Cette prolongation pourra être justifiée par le fait que les modifications, du fait de leur objet, de leur importance ou de la date à laquelle elles sont présentées, notamment car les modifications et nouvelles pièces, impliquent de nouvelles vérifications et/ou consultations, de sorte que leur examen ne pourra être mené à bien dans le délai d’instruction découlant de la demande initiale.

  • En troisième lieu, le Conseil d’Etat considère que, lorsque le service instructeur reçoit une demande de modification du projet et de nouvelles pièces, par le demandeur lui-même, en cours d’instruction, cette action doit se regarder comme une nouvelle demande qui se substitue à la demande initiale.

Par conséquent, le Conseil d’Etat a considéré que la Commune était fondée à solliciter l’annulation de l’arrêt de la cour administrative d’appel confirmant le jugement du tribunal administratif de Nice. Le Conseil d’Etat a donc renvoyé l’affaire devant la Cour de Marseille.
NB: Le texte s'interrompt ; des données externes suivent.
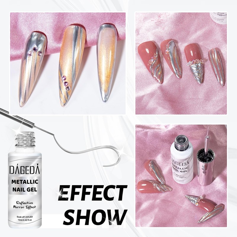 DAGEDA 12ml Metallic Nail Painting Silver Gel Liner,Mirror Gel Polish Build in Thin Brush,Chrome Gel Nail Polish High Gloss Nail Painted,Metal Drawing Liner Gel Soak Off UV/LED DIY Nail Art
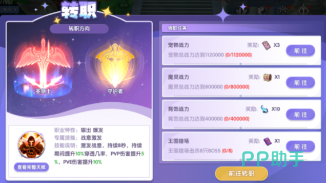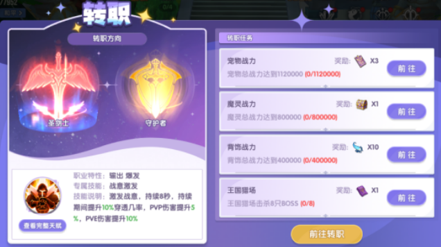 当等级、技能点及任务进度全部达标后,系统将在任务日志中自动激活“战士转职”主线任务链,并提供清晰指引。玩家可依提示依次完成NPC对话、副本攻坚等环节,最终抵达转职圣地。在此场景中,系统将开放双向选择界面,玩家可根据自身操作习惯、队伍配置需求或当前主流PVE/PVP环境,自主决定进阶方向——圣剑士或守护者,无绑定限制,不可逆操作前支持充分预览。
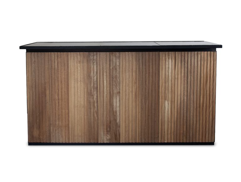 Esta barra de servicio presenta un diseño moderno y natural, ideal para eventos sociales, bodas, cocteles o reuniones corporativas. Su estructura frontal está elaborada en madera con acabado de listones verticales, aportando calidez y textura al ambiente, mientras que su cubierta superior en tono negro añade un contraste elegante y funcional. La barra ofrece una imagen contemporánea y versátil que se adapta a distintos estilos de decoración, siendo perfecta para estaciones de bebidas, barras de café o áreas de recepción. Disponible para renta, es una pieza práctica y estética que eleva la experiencia del evento.
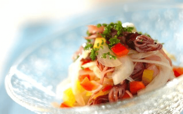 ワカメとホタルイカを合わせたサラダ。海の幸にはワサビじょうゆの味付けがよく合います。噛み応え抜群でさっぱりとした後味は、箸休めとしても最適。焼き魚や天ぷらなど和のおかずと合わせて定食風にするのも良いですね。
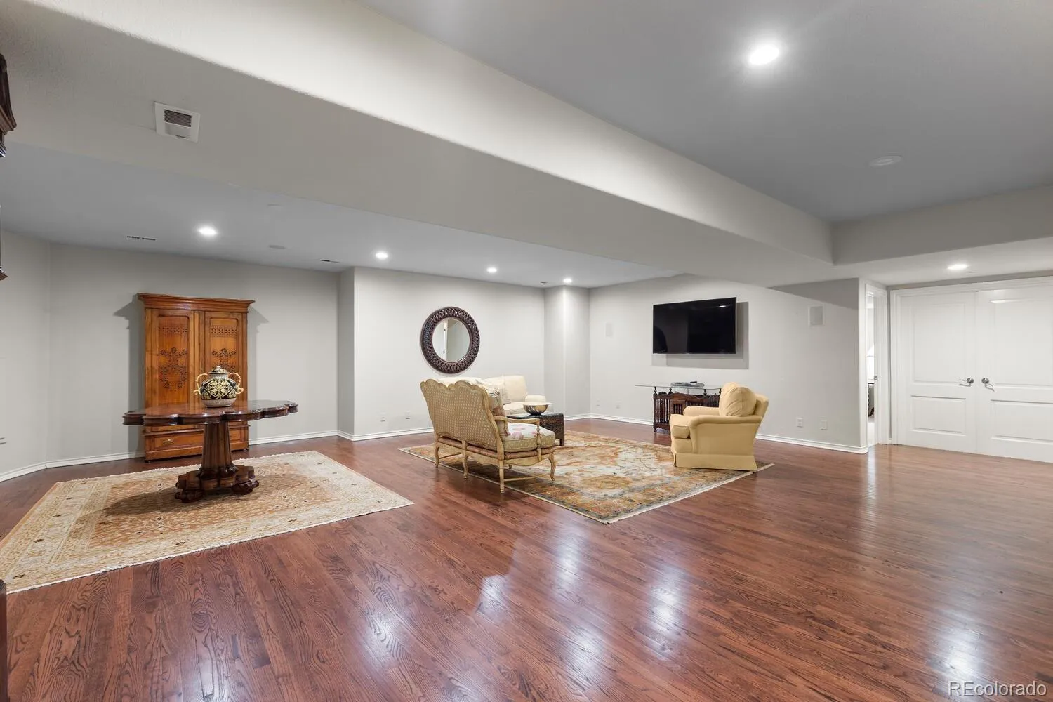 In the finished basement there is large open room with wood floors, perfect for a rec room, gym, theater or family room. Also, a full bath, 4th bedroom, large storage / utility room with newer furnace and hot water heater.

Enfin, cette nouvelle décision peut, selon nous, être mise en parallèle avec deux autres décisions récentes du Conseil d’Etat, à savoir :

  • La décision en date du 9 décembre 2022 (n° 454521, publié au Recueil). Dans cette affaire, le Conseil d’Etat a jugé que la production, en cours d’instruction, d’une pièce demandée par l’administration, demande illégale en ce qu’elle n’est pas exigée par le Code de l’urbanisme, n’aura pas pour objet d’interrompre, ni de modifier le délai d’instruction.
  • La décision en date du 24 octobre 2023 (n° 462511, publié au Recueil). Par cette décision, le Conseil d’Etat a jugé que la modification du délai d’instruction notifiée après l’expiration du délai d’un mois prévu pour ce faire, ou qui, bien que notifié dans ce délai d’un mois, ne correspond à aucune des hypothèses permettant de majorer le délai d’instruction, n’a pas pour effet de modifier le délai d’instruction de droit commun à l’issue duquel nait un permis tacite ou une décision de non-opposition à déclaration préalable.